1. Sketch the curve \(y = \mathrm{F}(x)\), showing the \(x\) co-ordinates of its turning points. Explain why \(\mathrm{F}(x)\) must have the form \(\mathrm{F}(x) = \frac{1}{5}x^2(x-c)^2(x-h)\), where \(0 < h < c\). Find, in factorised form, an expression for \(\mathrm{F}(x) + \mathrm{F}(c-x)\) in terms of \(c\), \(h\) and \(x\).
2. If \(0 \leqslant x \leqslant c\), explain why \(\mathrm{F}(b) + \mathrm{F}(x) \geqslant 0\) and why \(\mathrm{F}(b) + \mathrm{F}(x) > 0\) if \(x \neq a\).
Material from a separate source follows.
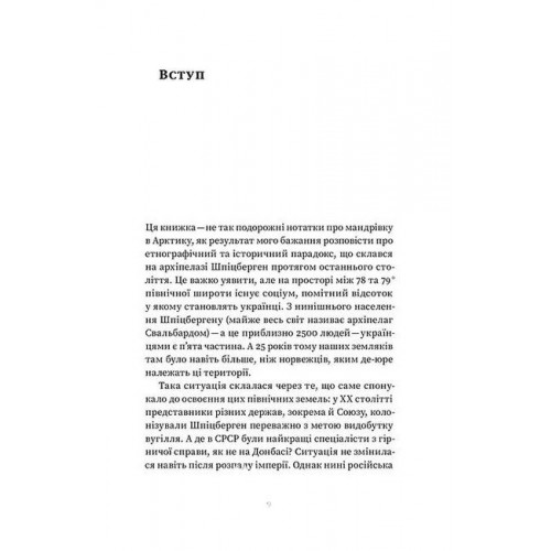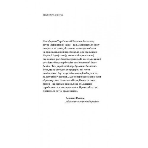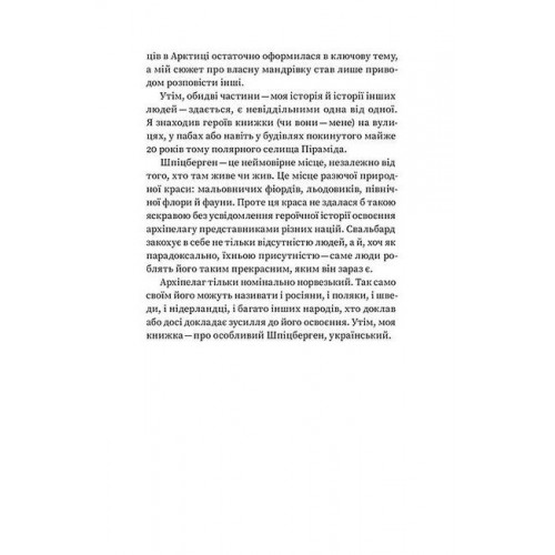 Шпіцберген може бути дуже різним. Може дивувати, закохувати та розчаровувати. У цій книжці Максим змалював історію Шпіцбергену — його минуле, сьогодення та, можливо, навіть майбутнє — через історії українців, яких доля звела з цим місцем. Це історія українського Шпіцбергену.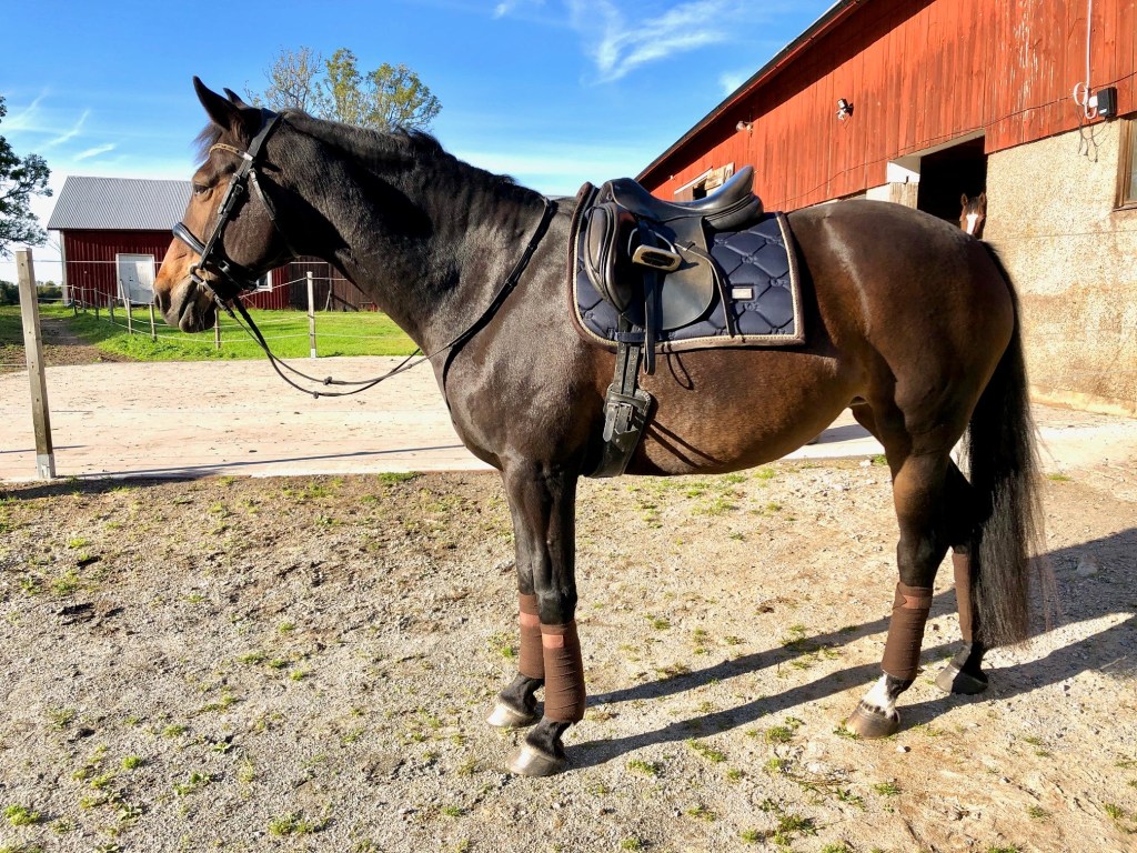 Träningen gick bra! Väldigt stor skillnad att rida träning på hemmaplan jämfört med nere i ridhuset faktiskt, och jag är väldigt nöjd med att våra vardagliga problem ”kom fram” tydligt så jag kunde få hjälp med det. Fick ett par ”aha-upplevelser” som jag ska försöka fortsätta jobba på. Roligt roligt! Och jobbigt, träningsvärk idag!

Hence show that \(c - b = a\) or \(c > 2h\). By considering also \(\mathrm{F}(a) + \mathrm{F}(x)\), show that \(c = a + b\) and that \(c = 2h\).
3. Find an expression for \(\mathrm{f}(x)\) in terms of \(c\) and \(x\) only. Show that the points of inflection on \(y = \mathrm{f}(x)\) lie on the \(x\)-axis.

The curve \(C\) has equation \(\sinh x + \sinh y = 2k\), where \(k\) is a positive constant.

1. Show that the curve \(C\) has no stationary points and that \(\dfrac{\mathrm{d}^2 y}{\mathrm{d}x^2} = 0\) at the point \((x,y)\) on the curve if and only if \[ 1 + \sinh x \sinh y = 0. \] Find the co-ordinates of the points of inflection on the curve \(C\), leaving your answers in terms of inverse hyperbolic functions.
2. Show that if \((x,y)\) lies on the curve \(C\) and on the line \(x + y = a\), then \[ \mathrm{e}^{2x}(1 - \mathrm{e}^{-a}) - 4k\mathrm{e}^x + (\mathrm{e}^a - 1) = 0 \] and deduce that \(1 < \cosh a \leqslant 2k^2 + 1\).
3. Sketch the curve \(C\).